It is widely accepted today that the best way to diminish the worldwide mortality caused by cancer (>20 000 per day) is the development of methods for early stage cancer detection, particularly using efficient and economical non-invasive imaging techniques.¹ Some of the most important imaging techniques used for cancer diagnosis are: magnetic resonance imaging (MRI)^2,3 single photon emission tomography (SPECT)^4,5 and positron emission tomography (PET).^6,7 PET is a nuclear imaging technique that combines high sensitivity and accurate image quantification allowing the visualization in vivo of chemical processes in organs and tissues that can help the diagnosis of important pathologies. In recent years this technique has also found an increasing application in the development of new drugs by providing critical information regarding in vivo distribution, mechanism of action and kinetics of candidate compounds.^8,9

The most commonly used radionuclides for PET are [¹⁴O], [¹³N], [¹¹C], [⁶⁴Cu], [⁶⁸Ga] and [¹⁸F].¹⁰ Among them the most widely used, by far, is [¹⁸F], since, contrarily to the complexation of labeled metals, the labeling with [¹⁸F] atoms does not significantly alter the biological properties of the molecules and its moderate t_1/2 (109.8 min) permits an adequate time for synthetic and imaging processes, allowing its application as a radiotracer outside of the production centre.¹¹ Furthermore, albeit the myriad of applications possible for tetrapyrrolic macrocycles,¹² and particularly their ability for accumulation in tumor cells for PDT treatment,^13–15 up to now, there are only a few examples in the scientific literature of contrast agents incorporating tetrapyrrolic macrocycles for PET imaging.¹⁶ Recently, our group⁶ presented the optimization of reaction conditions to promote monomethylation of 5,10,15,20-tetrakis(3-hydroxyphenyl)porphyrin with CH₃I at minute time scale and the syntheses of the corresponding labeled porphyrin using short-lived carbon-11, prepared in the automated radiolabeling system.

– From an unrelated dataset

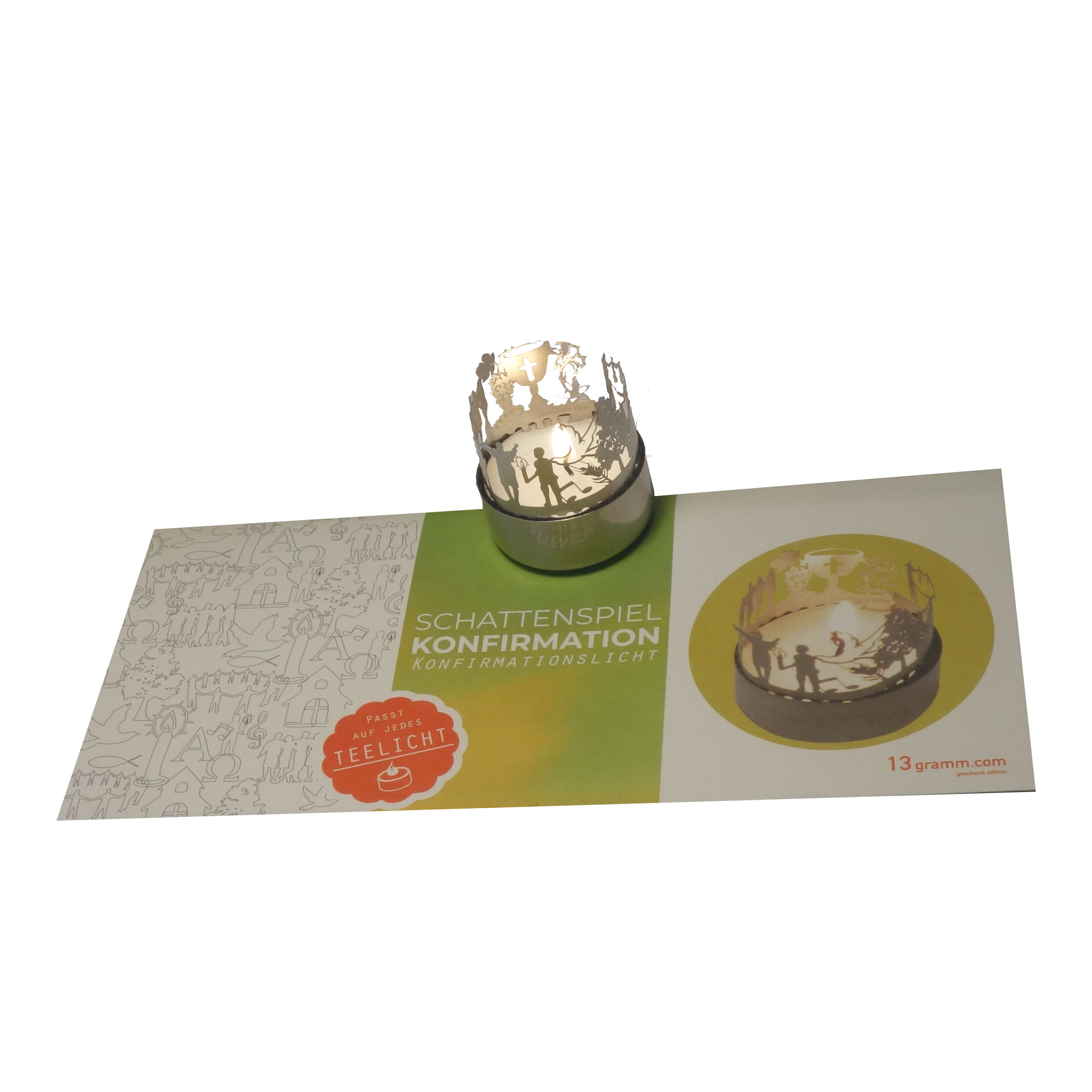 Konfirmation-Windlicht Schattenspiel mit Grußkarte

The [¹¹C] labeled porphyrin was obtained with high radiochemical purity and specific radioactivity and biodistribution studies were made using PET imaging. Other authors¹⁷ reported the synthesis of [⁶⁴Cu]-5,10,15,20-tetrakis(pentafluorophenyl)porphyrin, through the reaction of freshly prepared [⁶⁴Cu]CuCl₂ with the former, obtaining 97% radiochemical purity with a specific activity of 14–16 GBq mmol⁻¹. However, in the scientific literature, there are very few reports on the labeling of tetrapyrrolic macrocycles with [¹⁸F]. For instance, the synthesis of 5-(4-[¹⁸F]fluoro-phenyl)-10,15,20-tris(3-methoxyphenyl)porphyrin has been reported,¹⁸ where radiolabeled 4[¹⁸F] fluorobenzaldehyde was used as starting material and, more recently, other researchers¹⁹ published a different approach for the direct [¹⁸F]-labeling using [¹⁸F] fluoride ion trough nucleophilic substitution reactions with properly substituted zinc porphyrins, with radiochemical yields lower than 10%. Nevertheless, it should be emphasized that none of the reported studies on [¹⁸F] labeling presented any biodistribution studies of the radiolabeled compounds.

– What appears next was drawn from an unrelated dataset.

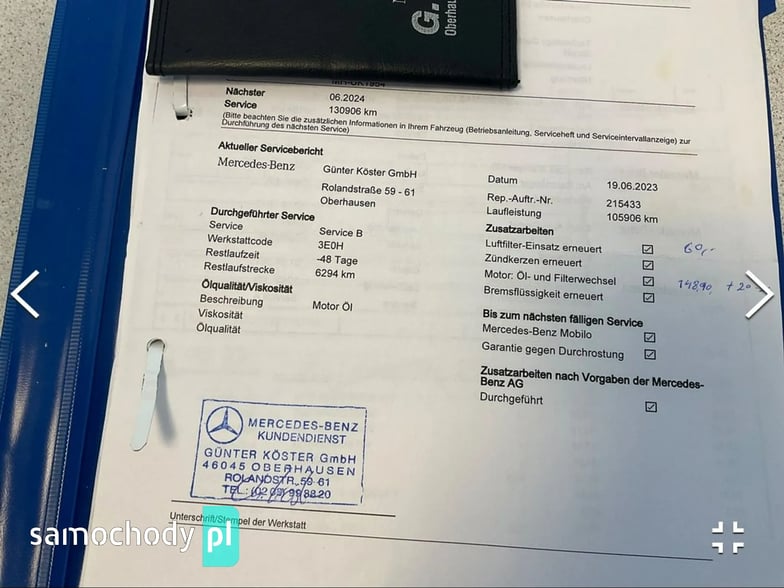 Pojazd bezwypadkowy, 2 klucze, 2 komplety alufelg z oponami zima/lato, przebieg potwierdzony historią serwisowania w ASO Mercedes Benz, stan wzorowy.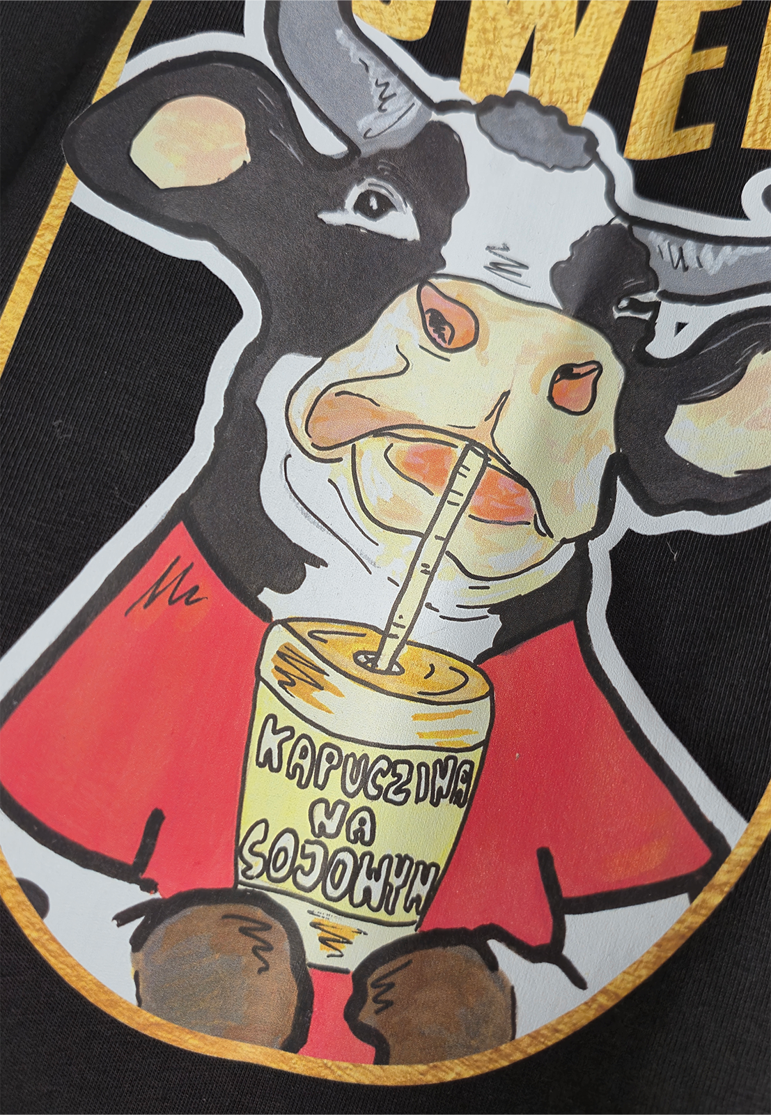 Motyw: KROWA VEGAN REVOLUTION – wyrazisty nadruk bazujący na ręcznie malowanej grafice

Herein we describe for the first time the development, labeling and biodistribution studies of a [¹⁸F] radiolabeled meso-tetraphenylporphyrin. After synthesis and characterization of the “cold” fluorinated porphyrin, we have proceeded to the synthesis of the desired 5-(2-[¹⁸F]fluoroethoxyphenyl)-10,15,20-triphenylporphyrin using an automated radiochemistry module. The complete process including purification and quality control using HPLC is described. Moreover, data regarding the uptake into human bladder tumor cells and the radiotracer biodistribution after C57BL/6 mice injection is also is also presented.

2. Results and discussion

2.1. “Cold” synthesis of fluorinated porphyrin 4

The synthesis of 5-(4-hydroxyphenyl)-10,15,20-triphenylporphyrin (1)²⁰ was carried out using the NaY method, previously described by our group,²¹ which involves the use of a Al-zeolite as Lewis catalyst in the synthesis of hindered halogenated meso-phenyl porphyrins. Therefore, in a typical reaction, 3 molar equivalents of benzaldehyde, 1 molar equivalent of 4-hydroxybenzaldehyde, 4 molar equivalents of pyrrole mixed in glacial acetic acid and nitrobenzene (7 : 5), in a 0.42 molar concentration, and 0.016 molar equivalents of NaY were used.²² The reaction mixture was heated at 130 °C for 2 hours and 1 was obtained, after workup, in 16% yield (Scheme 1a). Then, porphyrin 1 was reacted with 1,2-diyl bis(4-methylbenzenosulfonate)ethane, which was previously prepared according to literature procedures,²³ using Cs₂CO₃ as base, yielding 48% of monotosylated porphyrin 3 (Scheme 1b).

Scheme 1 “Cold” synthesis of porphyrin 4.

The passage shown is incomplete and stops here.